First of all, it started with PageRank.
PageRank was the opening move of that chess game.
But it didn't end there.
Many, many things have happened since PageRank.
And second, that even from the very beginning, this theme,
the central insight of PageRank, was about learning
from the good guys.
Because the insight of PageRank was to say that the
worldwide web is created by intelligent humans.
Each of those humans are writing web pages, and in
those web pages, they are choosing to link to other web
pages from certain words.
And every time they do that, they are providing a signal
that they believe, with their human intelligence, that this
page that they have linked to is useful in the context of
the word that they have linked from.
And the insight of PageRank was that a computer algorithm,
computer code which has no human intelligence, could be
written to go out and observe all of that signal across the
web, and harvest it, and bring it back in to creating a
search index that could then be beneficial
for everyone to use.
And that that theme has continued to be a very
important one in the science of making search engines good
as the chess game proceeds.
So as soon as PageRank was out there, as soon as this
technique went into play, the second move of the chess game
was for the bad guys to come and say, we will create link
farms.

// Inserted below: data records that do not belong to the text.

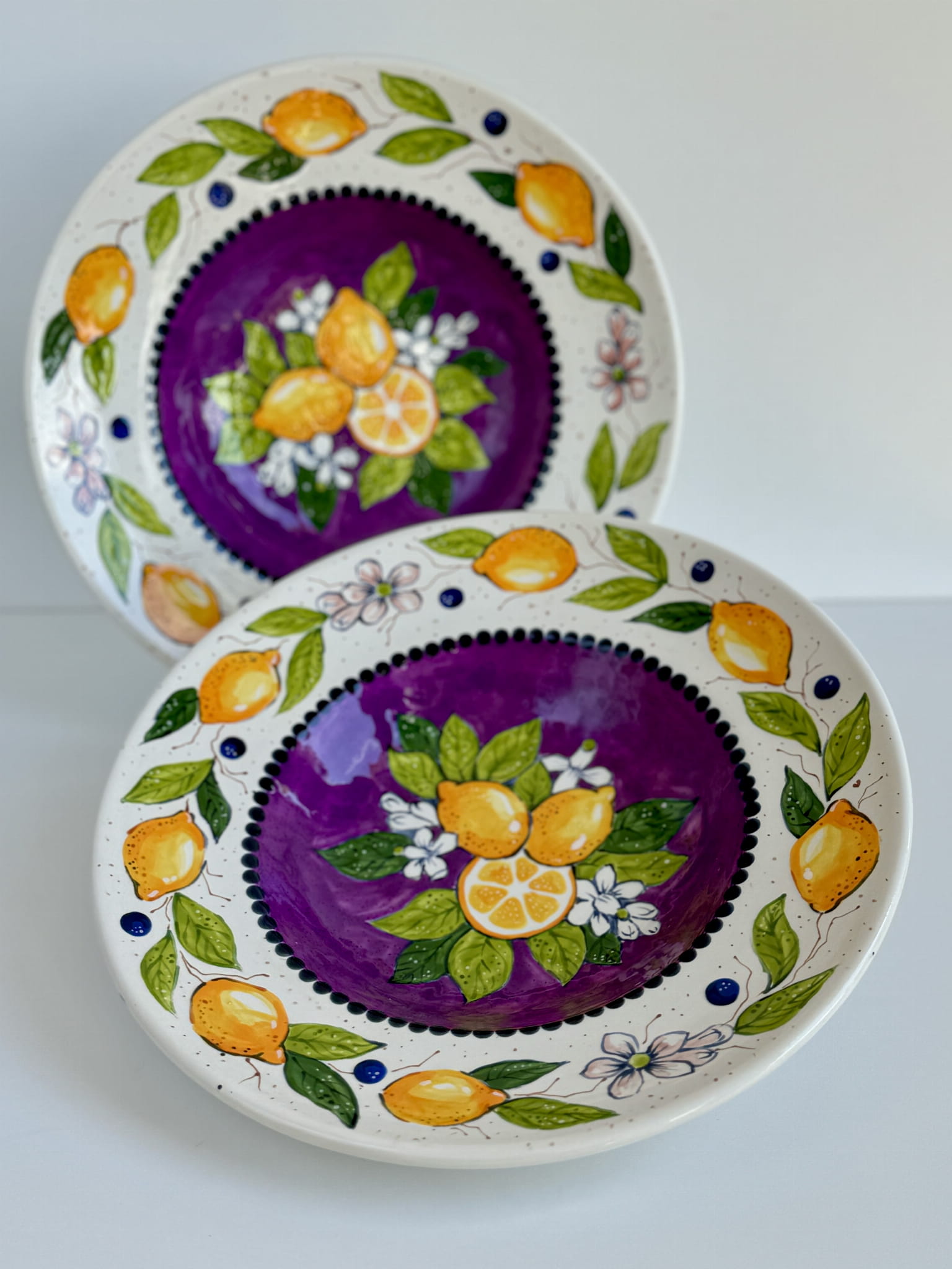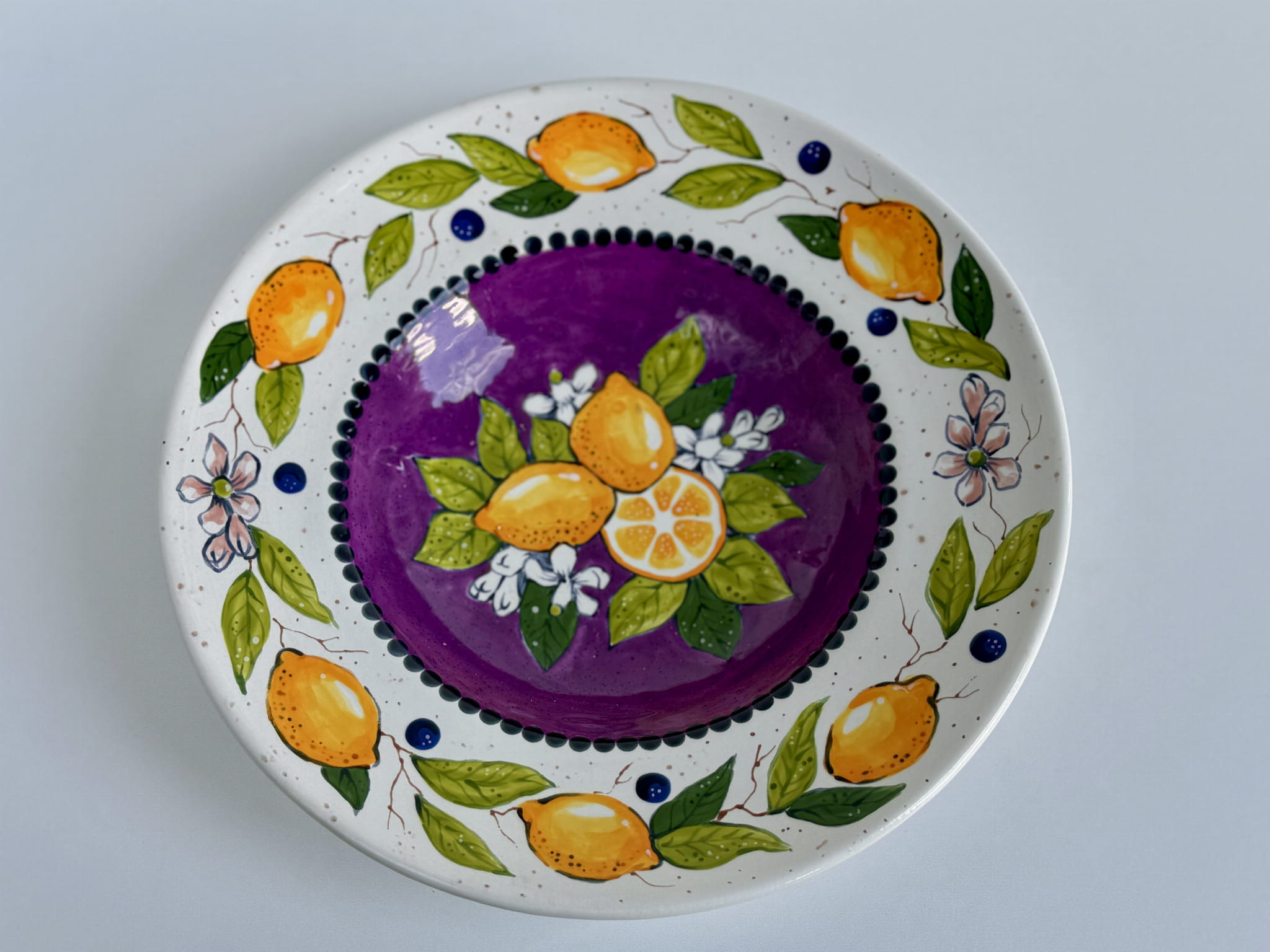 Ręcznie malowany talerz dekoracyjny (fioletowy) – Cytryny
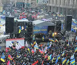Революція гідності[3] (також Єврореволюція[4][5][6]) — політичні та суспільні зміни в Україні з 30 листопада 2013 до лютого 2014 року, викликані протестом громадян України проти протиправного розгону мирної акції студентів та громадських активістів, яка розпочалася 21 листопада 2013 як спротив проти відходу політичного керівництва країни від законодавчо закріпленого курсу на Європейську інтеграцію та подальшою відмовою від цього курсу (див. «Євромайдан»). Одними з головних причин протестів стали надмірна концентрація влади в руках Віктора Януковича та його «сім'ї», небажання народу України миритись із перетворенням країни не лише де-факто, але і де-юре на одну з колоній Росії[7].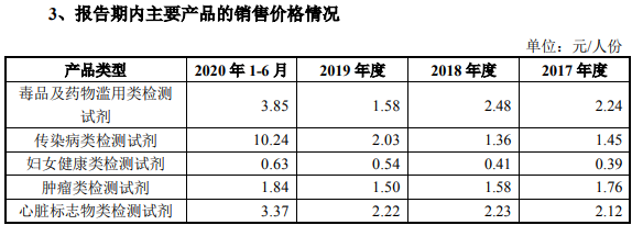 不仅如此,根据招股书披露的数据显示,奥泰生物的“毒品及药物滥用检测系列”在2020年上半年的产销量分别为1924万人份和1004万人份、库存产成品净增加了920万人份,“传染病检测系列”的产销量分别为4979万人份和4090万人份、库存产成品也净增加了近900万人份。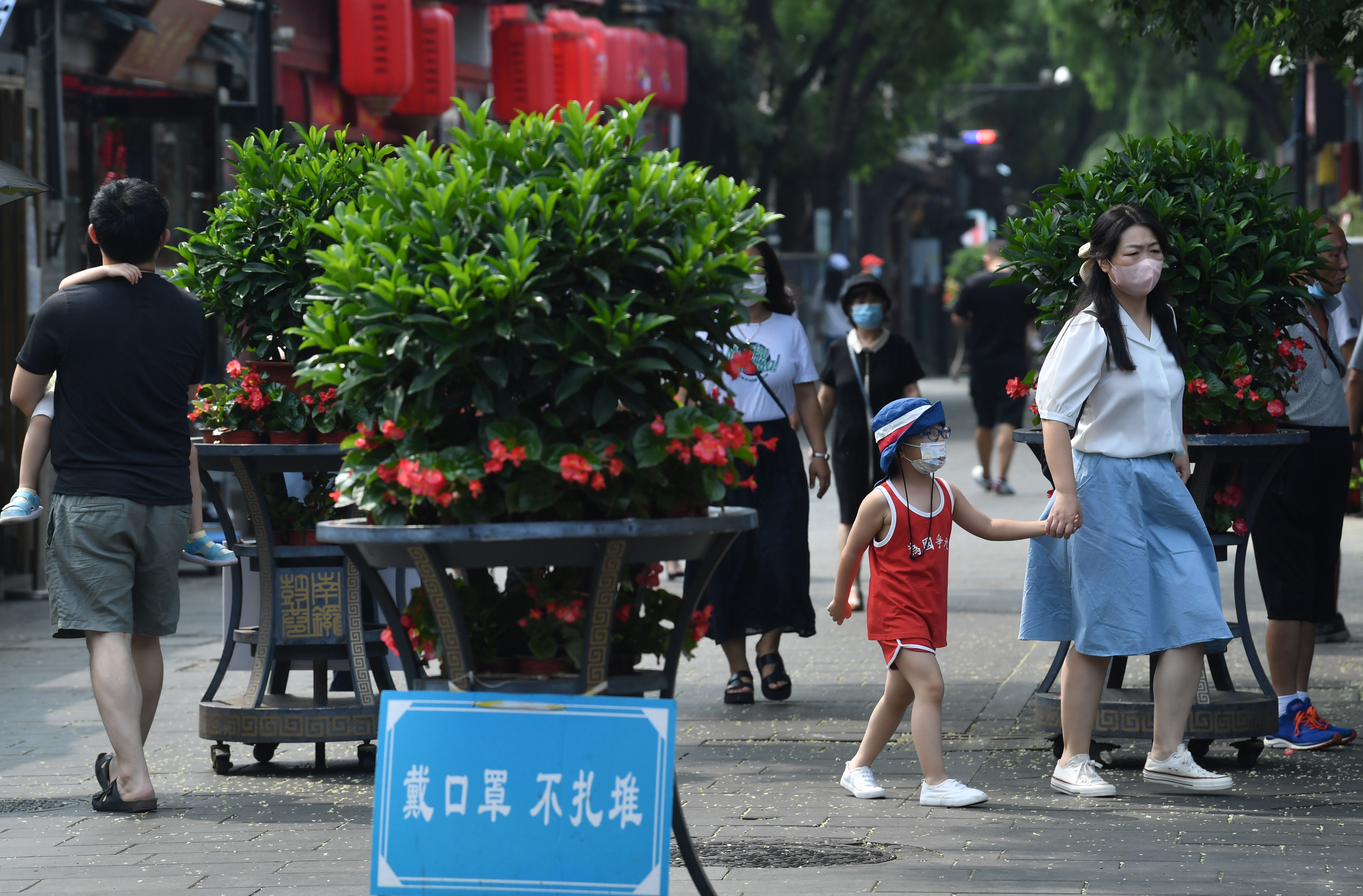 ▲8月7日,北京南锣鼓巷,通过标识牌和喇叭循环播放,提醒游客佩戴口罩,保持安全距离,不聚集、不扎堆。 新京报记者 李木易 摄影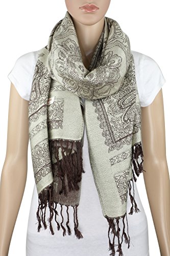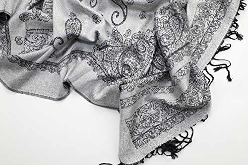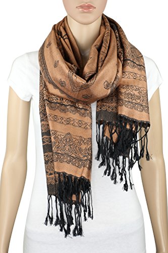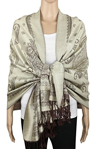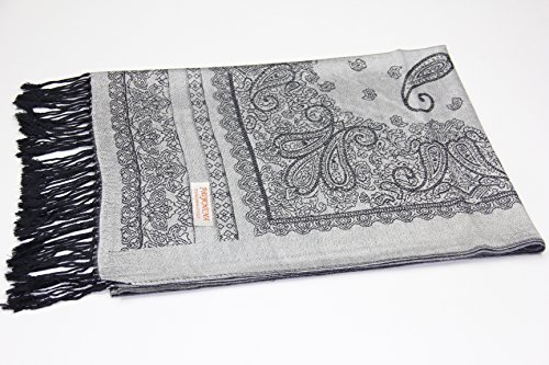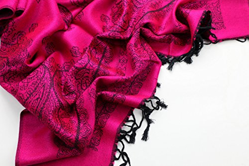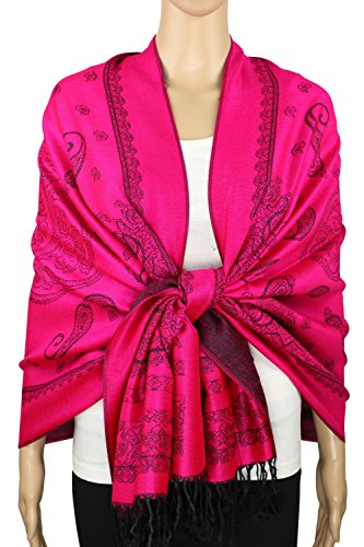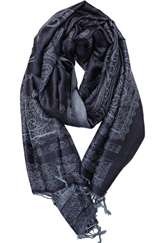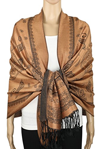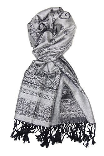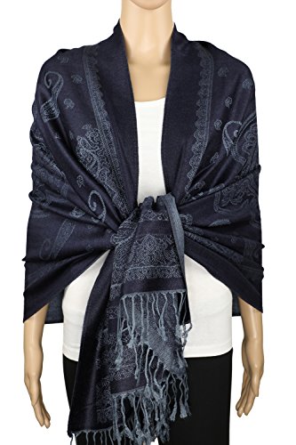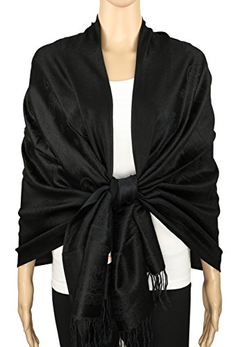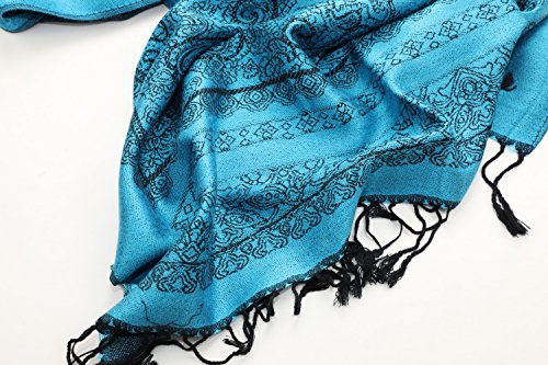 Binding : Apparel Product Description 1. Our pashmina cashmere shawl features classic paisley pattern and reverse design. They are very soft and rich showing off the beautiful flowing paisley designs. 2. It's a generous size, giving several options for wearing. It can be a cape, a shawl, a stole, worn loosely in the crook of your elbows, draped over the shoulders or tied in front. 3. This paisley pashmina is great for taking with you for a light wrap in the evening if you are going to dinner or for putting in your bag on the airplane for wrapping up in if you get cold during a flight. 4. Unique vintage jacquard paisley pattern allows to match more outfits. It can be worn at any formal occasion or a simple scarf worn on a daily basis. Perfect to use as a wrap at a function or as a super cozy scarf during the colder months. Can be worn all year round. 5. This dressy paisley scarf is also the quintessential cover-up for restaurants, theaters, outdoors, parties, work events and dining out, as well as being a beautiful complement to your more relaxed daytime outfit. 6. Lightweight but warm, perfect to take the chill off at evening events without having to put on a coat. They may well become the most versatile piece in your entire wardrobe. 7. Hand washing in cold water using a mild detergent. Wash individually. Squeeze gently and do not twist. Hang to dry or dry flat. 0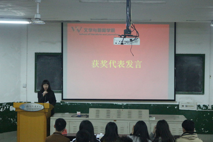 紧接着,文娱部的曹文昱作为优秀干事代表进行了发言。她说自己十分享受在文娱部、在学生会工作的经历,让她获得了能力的提升,也结交了好友,感受到了文新大家庭的温暖。她提议,文新院学生会的同仁们,应当说我们该说的,做我们应做的,改变我们必须改变的,实现我们一定要实现的,为文新院代言,更好地服务大家,打造更棒的文新团队。随后,体育部副部长鲁晓婷和办公室主任王依分别代表优秀部长和优秀部门进行了发言。鲁晓婷与学生会全体成员分享了三个愿望:努力学习,努力工作,做好自己。王依则向大家具体介绍了办公室的工作内容:包括整理档案,上传下达,分发通知等繁琐的日常事务,并真诚感谢大家对于办公室工作的肯定,表示会继续努力,提升业务能力。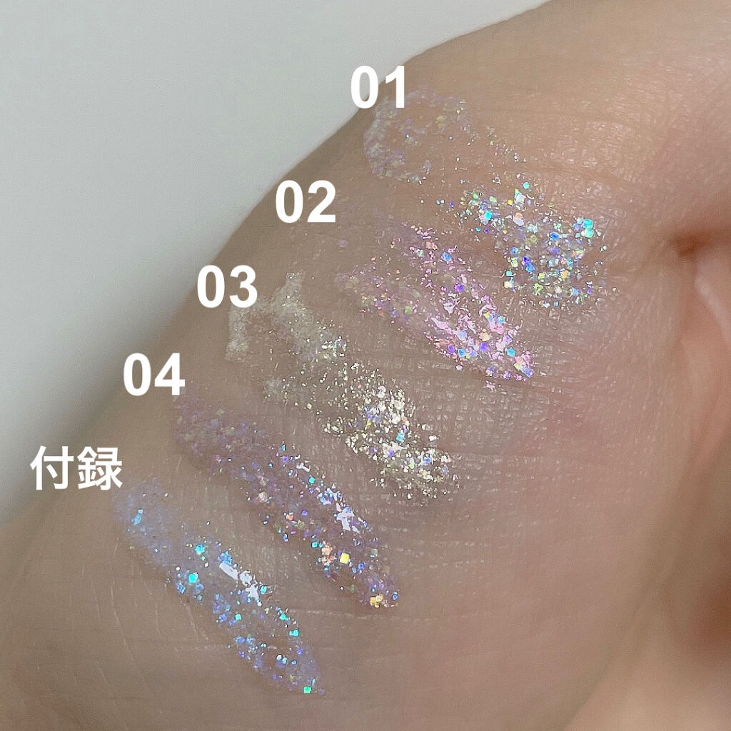| グリッターランキング第4位 | パッと見はホワイトカラー3色ですが、肌にのせると角度によりパープル、ピンク、ブルーの異なる艶めきが楽しめる◎ | 詳細を見る | ||

We will create things that are not really the work
of intelligent humans in good faith, but which attempt to
pose as if they were to Google's code, which has no
human intelligence.
And they were able to do this rather effectively.
So now, what does Google do?
What do the search engines do?
And you say, well, where else can you look for that signal?
Where else can you look for that signal of what the people
in good faith are telling you by the way in which they
interact with the system and the things they build.
Where can that be harvested and brought back in for
everyone's benefit when they use the search engine?
And so the next place to look was the log data.
And I'm going to page back again to that picture of the
log line to describe how this is.

OK.
Suppose we have, again, the query for flowers.
Suppose Sebastian has come to Google, and he searched on
flowers because he's going to get some for his wife to
apologize for how very busy he's been this week.
And he searches on flowers, and this log line is created.
So what happens next?
That depends on what Sebastian does.
And what Sebastian does depends on how good a job
Google did.
So if Google did a very good job, if we got it right in the
search results that we returned, Sebastian will
probably click on the very first search result.
And that will create another log line.
It will be some point later in the stream of log data that is
coming in as all these different people around the
world interact with the server and do searches.
So some point later in time, there will be another log line
to load [? up. ?]
The same IP address and cookie ID, slightly later time,
showing and then there was a click on the
first search's line.
Or, alternatively, suppose we didn't do such a good job, and
perhaps instead Sebastian clicks on the
eighth search result.
Or we really didn't do a good job, and he doesn't even like
anything on the first page of search results, and instead,
he clicks through to the next page.
Each one of those things would create another log line a
little bit later.
So in the process of writing the system now to learn from
these signals that the people interacting in good faith are
providing, these log lines, separated slightly in time,
and linkable together by the IP address and the cookie ID,
are little stories.
They're little stories of us getting it right, not quite
getting it right, getting it very wrong, and they're little
stories that have some information about what getting
it right might be.
Because maybe if he clicks on the eighth search result, that
should go up.
That's a signal that it should go up.
Now, these are very little stories.
Often, the important stories are bigger and longer in time.
I told you an example story that happens in a few seconds.
Let me bring in again the bad guys, right?
Because now that we are learning from someone clicking
on the eighth result as a sign that the eighth result was
better than the first result, this is something easy for the
bad guys to do if they want to push their result higher.
So how do we combat that?
Well, we apply our science to being able to recognize the
larger patterns that say this cookie and IP address appears
to be a human operating in good faith.
This cookie and IP address seems to keep doing this query
over and over again, and always clicking on the same
search result.
That's probably not a human.
But that requires being able to link the longer story
together to see the pattern.
So I hope that this has sort of illuminated, at a very
basic level, what the use of this log data is.
And then, I want to highlight that nothing I
have described here--
it does not matter at all who the person behind that IP
address and cookie is.
That's not fundamental to this use of data at all.
That's not relevant.
What's important is being able to link together those stories
because that's where the information that is useful to
have the system learn from is.
And what is critically important is being able to
filter, to say, this appears to be a good guy,
we'll learn from it.
This appears to be a bad guy, we will not.
Recognize those differences.
OK, I know I am running somewhat short on time, so I'm
going to jump ahead.
And I expect that this has probably made people think of
all sorts of very in-depth and interesting questions, and we
can go into this in more detail in the question period.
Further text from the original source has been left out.